*Directions*
Write out again the lines from the line with "O primeiro-ministro sul-coreano" up to and including the line with "saree with cutwork*", exactly as they stand below, and skip any picture.

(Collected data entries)
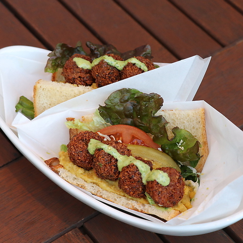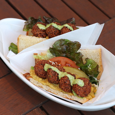 挽いたひよこ豆に数種類のスパイスやハーブを加え、カリッと揚げた中東のヘルシーなベジタリアンメニュー「ファラフェル」。創業当時からのこだわりレシピで、癖になる味です。外はカリッと中はモチッとした自家製パンでサンドしています。
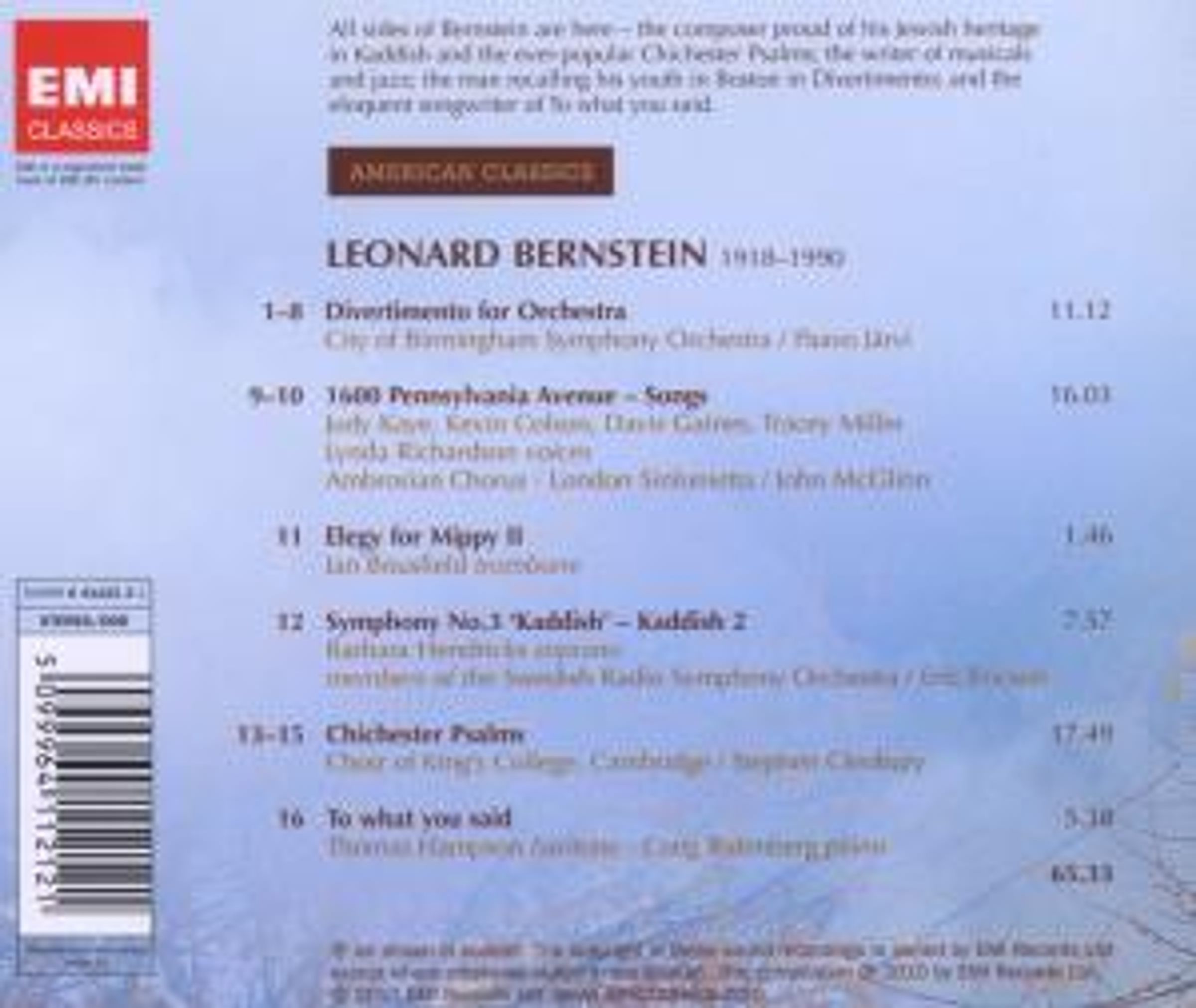+Divertimento für Orchester; 1600 Pennsylvania Avenue-Songs; Elegy for Mippy II; Symphonie Nr. 3 "Kaddish";To what you said
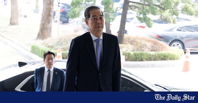 O primeiro-ministro sul-coreano Han Duck-Soo chega ao complexo do governo em Seul, Coréia do Sul, 24 de março de 2025. Jeon Heon-Kyun/Pool via Reuters
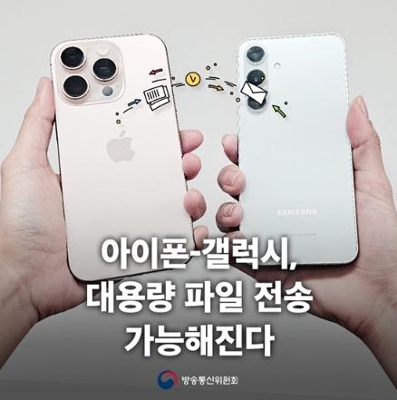 애플(Apple Inc)의 '아이폰'에도 차세대 메시지 전송 서비스가 도입돼 삼성전자의 '갤럭시폰'과 대용량 파일 전송 및 채팅 형식의 메시지 주고받기가 가능해진다.
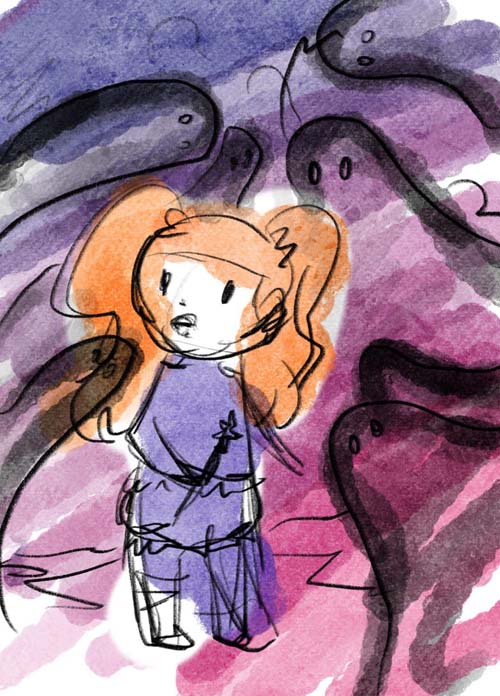 Magical Girl Form, in einem Albtraum, mit gruseligen Schattendämonen die durchscheinend sind, erschrocken aber entschlossen? Oder so?
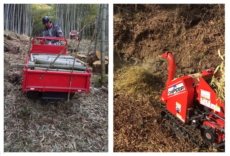間伐は過酷な点が多くあります。伐採した竹や樹木の枝葉はチッパー(粉砕機)にかけ、土に還し、幹は短く玉切りします。そして玉切りした竹や樹木を運搬車で運び出します。
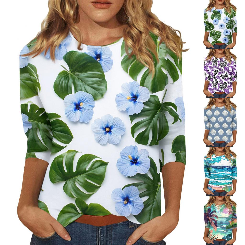 Женская модная повседневная футболка с круглым вырезом и рукавом 3/4, женский топ — купить товар онлайн с бесплатной доставкой до всему миру!
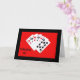 Six "10s" de ponts de cartes à jouer, photographiés contre un arrière - plan rouge vif avec une bordure noire, font l'objet de ma carte d'anniversaire "Turning 60 Is A Big Deal". Les six "10s" totalisent 60 et c'est une grosse affaire !
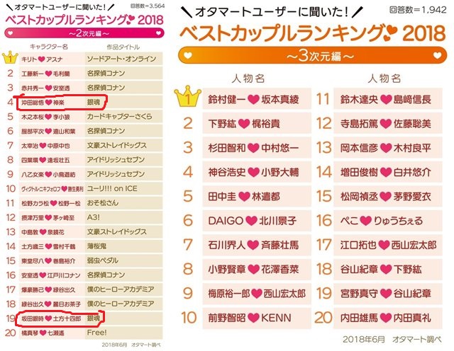 เป็นผลโหวตที่เอามาจากทวิตเตอร์ของ animatetimes ค่ะ แบ่งออกเป็นคู่ 2d แล้วก็คู่ 3d
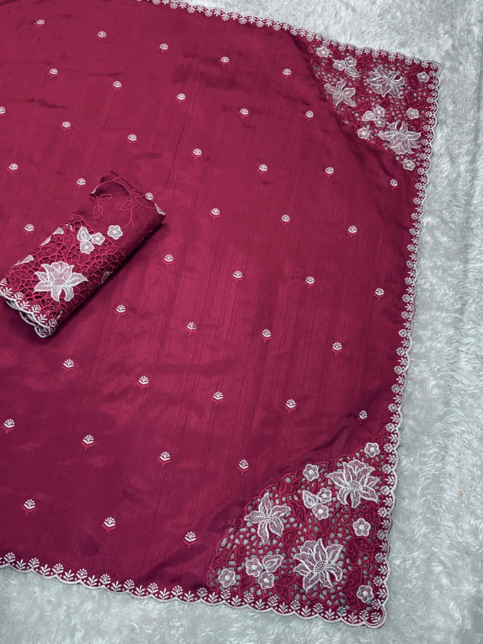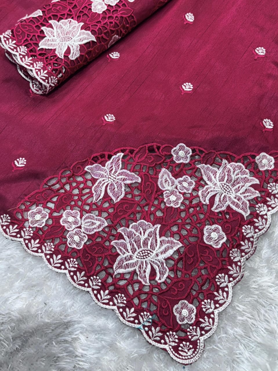 *1- Thread Embroidery work in saree with cutwork*
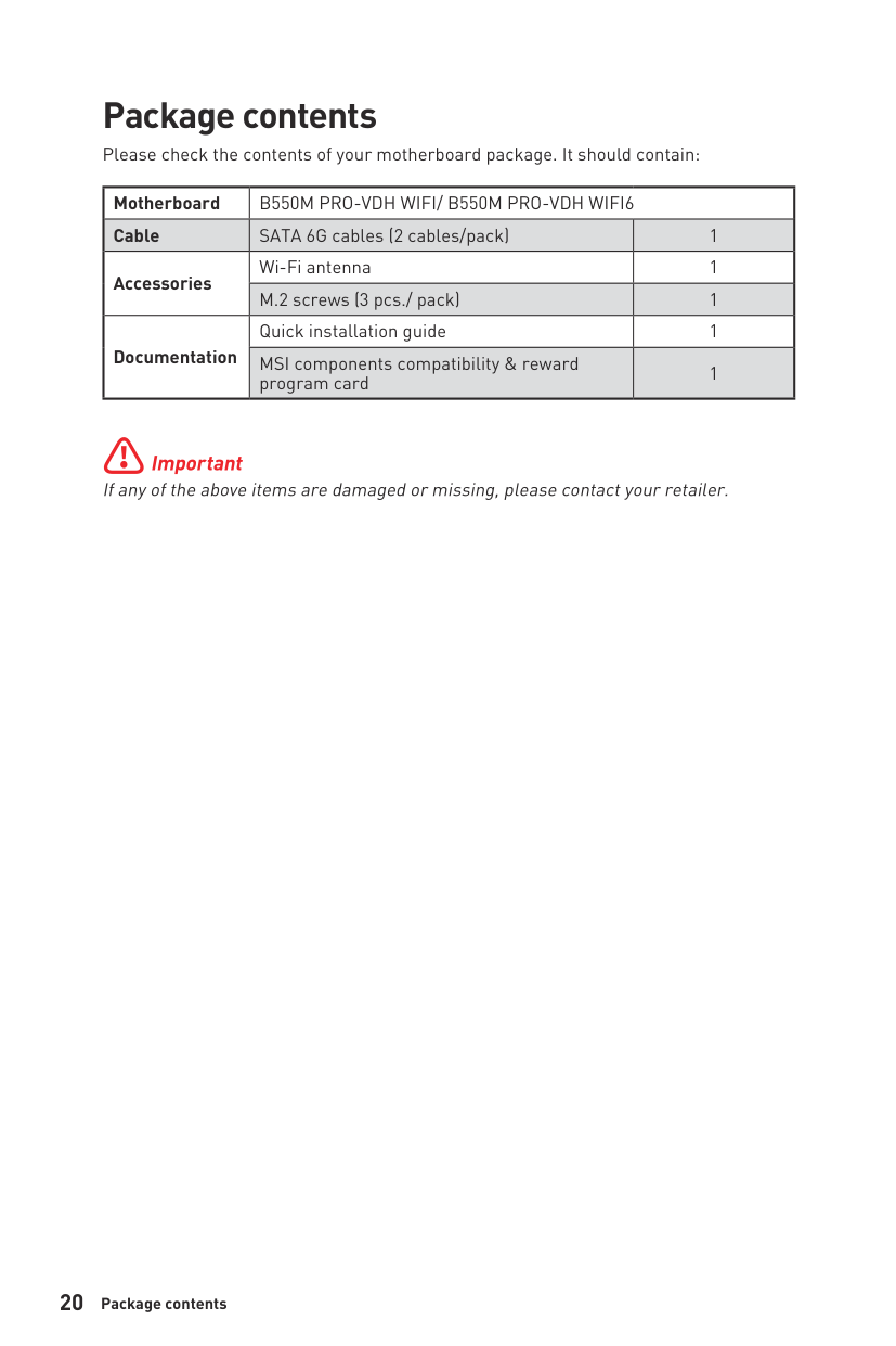 1 Quick Start Quick Start Thank you for purchasing the MSI® B550M PRO-VDH WIFI/ B550M PRO-VDH WIFI6 motherboard. This Quick Start section provides demonstration diagrams about how to install your computer. Some of the installations also provide video demonstrations. Please link to the URL to watch it with the web browser on your phone or tablet. You may have even link to the URL by scanning the QR code. Preparing Tools and Components DDR4 Memory Graphics Card SATA Hard Disk Drive SATA DVD Drive Phillips Screwdriver Chassis Power Supply Unit A Package of Screws Thermal Paste CPU Fan

*Written response*
 O primeiro-ministro sul-coreano Han Duck-Soo chega ao complexo do governo em Seul, Coréia do Sul, 24 de março de 2025. Jeon Heon-Kyun/Pool via Reuters
 애플(Apple Inc)의 '아이폰'에도 차세대 메시지 전송 서비스가 도입돼 삼성전자의 '갤럭시폰'과 대용량 파일 전송 및 채팅 형식의 메시지 주고받기가 가능해진다.
 Magical Girl Form, in einem Albtraum, mit gruseligen Schattendämonen die durchscheinend sind, erschrocken aber entschlossen? Oder so?
間伐は過酷な点が多くあります。伐採した竹や樹木の枝葉はチッパー(粉砕機)にかけ、土に還し、幹は短く玉切りします。そして玉切りした竹や樹木を運搬車で運び出します。
 Женская модная повседневная футболка с круглым вырезом и рукавом 3/4, женский топ — купить товар онлайн с бесплатной доставкой до всему миру!
 Six "10s" de ponts de cartes à jouer, photographiés contre un arrière - plan rouge vif avec une bordure noire, font l'objet de ma carte d'anniversaire "Turning 60 Is A Big Deal". Les six "10s" totalisent 60 et c'est une grosse affaire !
 เป็นผลโหวตที่เอามาจากทวิตเตอร์ของ animatetimes ค่ะ แบ่งออกเป็นคู่ 2d แล้วก็คู่ 3d
 *1- Thread Embroidery work in saree with cutwork*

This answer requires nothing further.